Here is an abridged version of the output:

VAERS_ID int64 4 int64 4
RECVDATE string 8 object 41
STATE string 3 object 34
CAGE_YR int64 5 float64 4
SEX string 3 object 36
RPT_DATE string 2 object 20
DIED string 2 object 20
L_THREAT string 2 object 20
ER_VISIT string 2 object 19
HOSPITAL string 2 object 20
HOSPDAYS int64 5 float64 4

As you can see, Arrow is generally more specific with type inference and is one of the main reasons why memory usage is substantially lower.

Now, let’s do a time performance comparison:

%timeit pd.read_csv("2021VAERSDATA.csv.gz", encoding="iso-8859-1")
%timeit csv.read_csv("2021VAERSDATA.csv.gz")

On my computer, the results are as follows:

7.36 s ± 201 ms per loop (mean ± std. dev. of 7 runs, 1 loop each)
2.28 s ± 70.7 ms per loop (mean ± std. dev. of 7 runs, 1 loop each)

Arrow’s implementation is three times faster. The results on your computer will vary as this is dependent on the hardware.

Let’s repeat the memory occupation comparison while not loading the SYMPTOM_TEXT column. This is a fairer comparison as most numerical datasets do not tend to have a very large text column:

vdata_pd = pd.read_csv("2021VAERSDATA.csv.gz", encoding="iso-8859-1", usecols=lambda x: x != "SYMPTOM_TEXT")
vdata_pd.info(memory_usage="deep")
columns.remove("SYMPTOM_TEXT")
vdata_arrow = csv.read_csv(
    "2021VAERSDATA.csv.gz",
     convert_options=csv.ConvertOptions(include_columns=columns))
vdata_arrow.nbytes

pandas requires 847 MB, whereas Arrow requires 205 MB: four times less.

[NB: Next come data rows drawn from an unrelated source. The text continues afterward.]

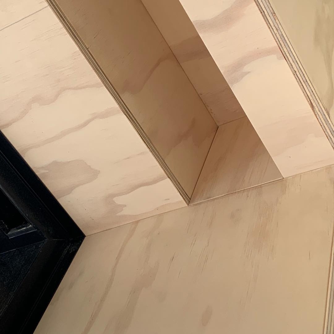Resene Low VOC Whitewash finish to plywood wall linings.
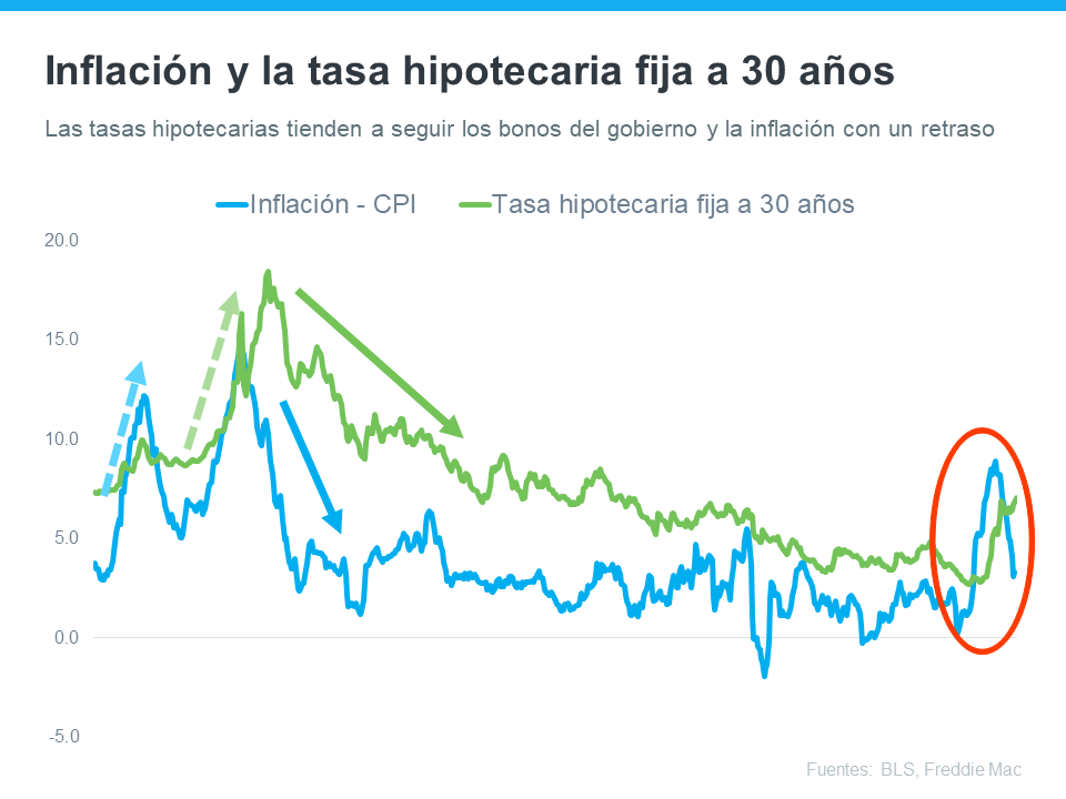 Para entender hacia dónde pueden ir las tasas hipotecarias, es útil mirar dónde han estado en el pasado. Existe una conexión clara entre la inflación y las tasas hipotecarias, y si esa relación histórica es cierta, la reciente disminución de la inflación puede significar buenas noticias para el futuro de las tasas hipotecarias y sus objetivos de ser propietario de una casa.
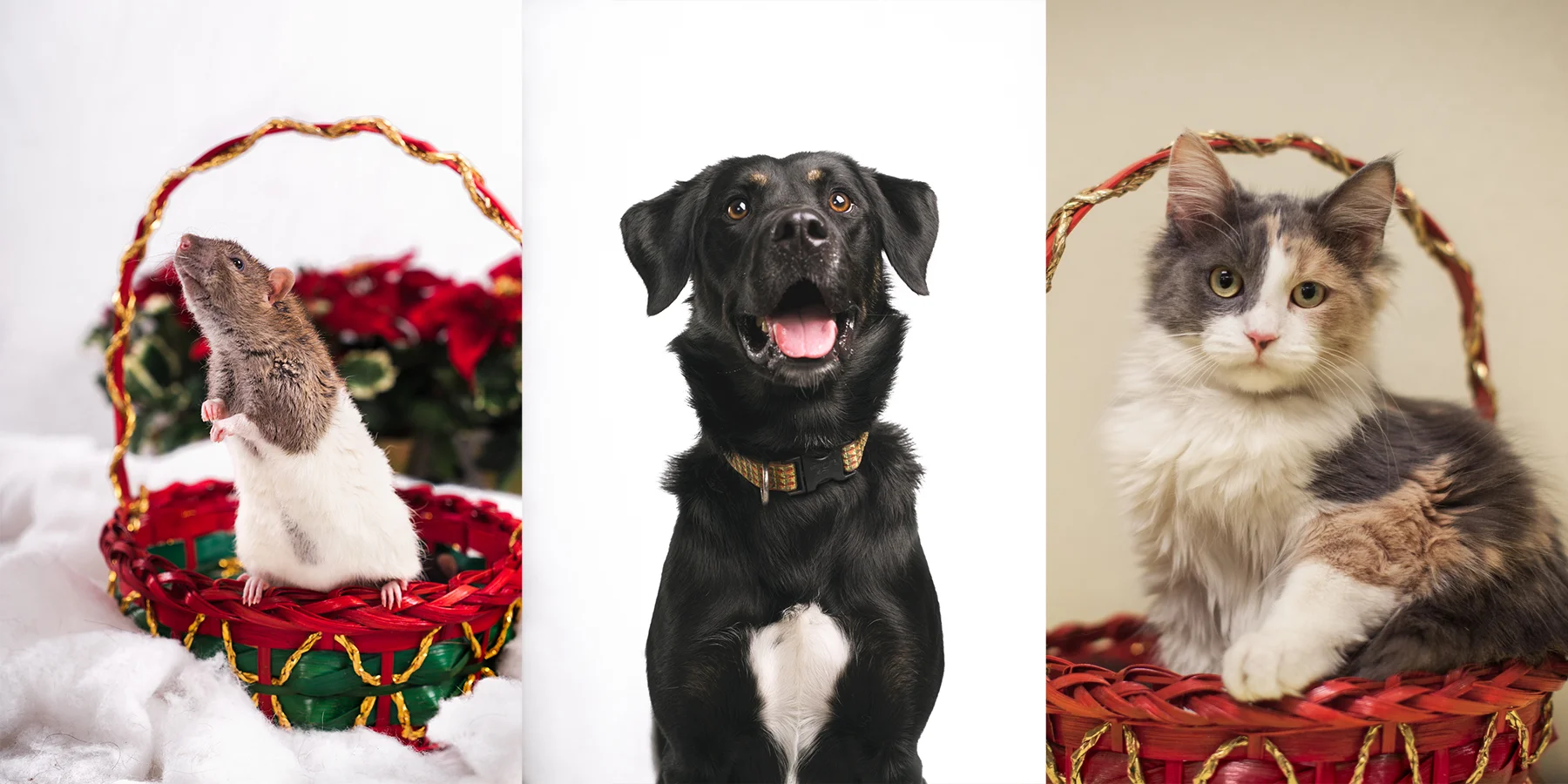 In 2015 some of you may remember that we photographed at the local Humane Society of St. Joseph County for 3 days straight to capture photos of 130+ animals in their care ready for adoption! This would normally cost someone thousands of dollars to have us capture (and more for licensing images), but we donated our services to get the animals adopted out! We photographed a whopping 75 dogs all in a studio setting (with our FULL studio lights, backdrop, etc.) and a ridiculous amount of cats… PLUS bunnies, rats, and more! We even got creative since they’d had a thrift sale right before and we used Christmas costumes on many of the animals (well, those who would tolerate it). It was an exhausting, crazy time trying to get each dog and animal to sit still and face the right direction, but SO many of the animals got adopted (wish we knew the percentage) due to the gorgeous and fun photos that we captured!
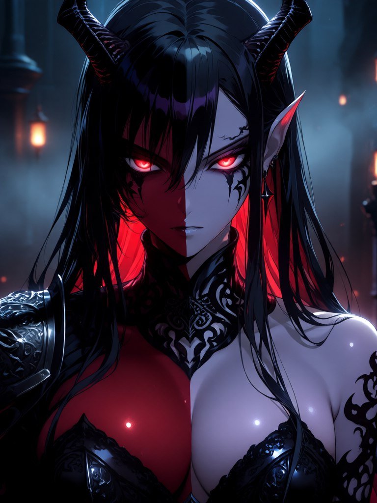 #5. <lora:1914845:1>, anime, illustration, vampire, glowing eyes, a captivating being split between succubus and demon, large glowing crimson eyes, skin painted with intricate black designs, fierce expression with long hair flowing, wearing a mix of dark armor and sultry clothing, spooky misty background with flickering lights, mood is dark and seductive #role_vampire
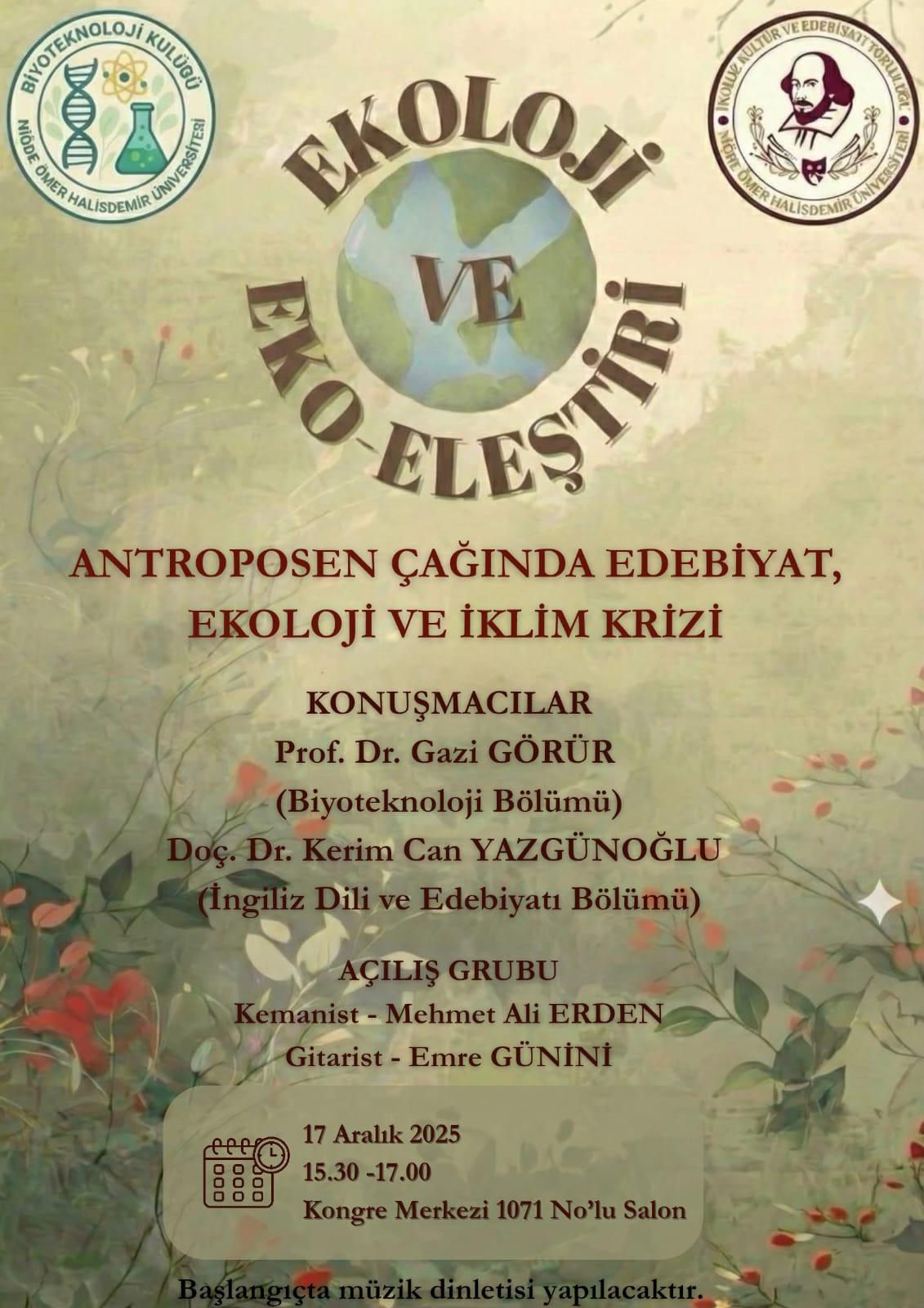 Antroposen Çağında Edebiyat ve İklim Krizi Üzerine Söyleşi Etkinlik Ayrıntıları Etkinlik Adı: Antroposen Çağında Edebiyat ve İklim Krizi Üzerine Söyleşi Etkinlik Tarihi: 17.12.2025 - 10.03.2028 Etkinlik Türü: Söyleşi Son Güncelleme Tarihi : 16.03.2026
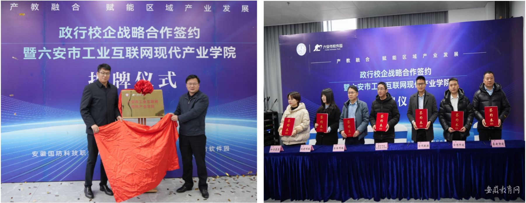 学校于2023年12月与六安市金安区经济技术开发区、六安市软件园及多企业联合建立了工业互联网产业学院。六安市工业互联网现代产业学院的成立,为信息技术学院开设工业互联网专业起到了推动管理机制创新、强化专业建设、促进产教融合以及优化人才培养模式等多方面的作用。

Our objective is to use Arrow to load data into pandas. For that, we need to convert the data structure:
```
vdata = vdata_arrow.to_pandas()
vdata.info(memory_usage="deep")
```

There are two very important points to be made here: the pandas representation created by Arrow uses only 1 GB, whereas the pandas representation, from its native read_csv, is 1.3 GB. This means that even if you use pandas to process data, Arrow can create a more compact representation to start with.

The preceding code has one problem regarding memory consumption: when the converter is running, it will require memory to hold both the pandas and the Arrow representations, hence defeating the purpose of using less memory. Arrow can self-destruct its representation while creating the pandas version, hence resolving the problem. The line for this is vdata = vdata_arrow.to_pandas(self_destruct=True).

There’s more...

If you have a very large DataFrame that cannot be processed by pandas, even after it’s been loaded by Arrow, then maybe Arrow can do all the processing as it has a computing engine as well. That being said, Arrow’s engine is, at the time of writing, substantially less complete in terms of functionality than pandas. Remember that Arrow has many other features, such as language interoperability, but we will not be making use of those in this book.